Repository files navigation

FIBEN Benchmark

FIBEN Schema

FIBEN is a Natural Language Querying benchmark, with a dataset that emulates a real-world data mart. The FIBEN schema models information about public companies, their officers, and financial metrics reported over a period of time. Users can ask queries about the financial health and performance of public companies in a variety of different industry sectors. The FIBEN schema also describes financial transactions over holdings and securities provided by public companies. Each financial transaction is linked to a customer account. The customer account describes the customer’s portfolio in terms of the securities held, and is associated with the buying or selling of securities such as stocks, bonds and mutual funds of publicly traded companies in different financial markets over a period of time.

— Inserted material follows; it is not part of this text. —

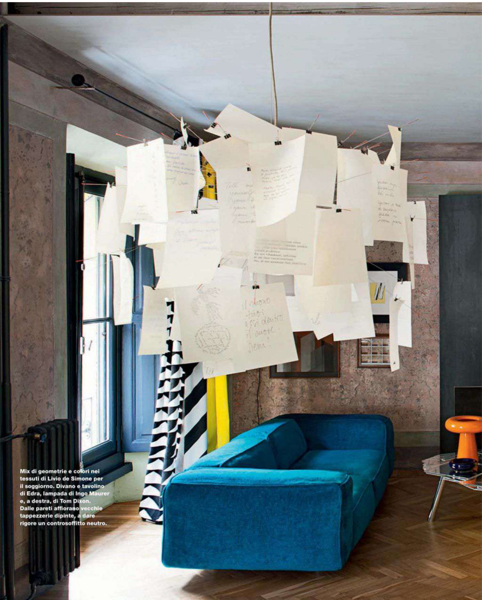
Mix di geometrie e colori nei tessuti di Livio de Simone per il soggiorno. Divano e tavolino di Edra, lampada di Ingo Maurer e, a destra, di Tom Dixon. Dalle pareti affiorano vecchie tappezzerie dipinte, a dare rigore un controsoffitto neutro.

The FIBEN schema conforms to a union of two subsets from two standard finance ontologies: Finance Industry Business Ontology (FIBO) [1] and Finance Report Ontology (FRO) [2]. FIBO is the de-facto industry standard defined by the enterprise data management (EDM) council to represent business concepts and information in the finance domain. FRO is a formal report ontology of an XBRL-based financial report which captures the financial metric data reported by public companies to SEC.

FIBEN Queries

FIBEN is a benchmark for testing NLQ of analytical queries, which may include joins and different types of nested queries [3]. The benchmark consists of 300 NL queries, along with their equivalent SQL queries expressed over FIBEN schema. For the 300 NL queries, there are 237 distinct target SQL queries. The benchmark query suite includes a mix of 130 single-SQL-block queries, and 170 nested queries. Of the nested queries, 28 are of Type-N, 64 of Type-A, 40 of Type-J, 38 from Type-JA as classified following the same definition provided in [3]. The benchmark query suite is provided in FIBEN_Queries.json file in a JSON format with the following keys:

uniqueQueryID: a number that uniquely identifies a unique SQL query.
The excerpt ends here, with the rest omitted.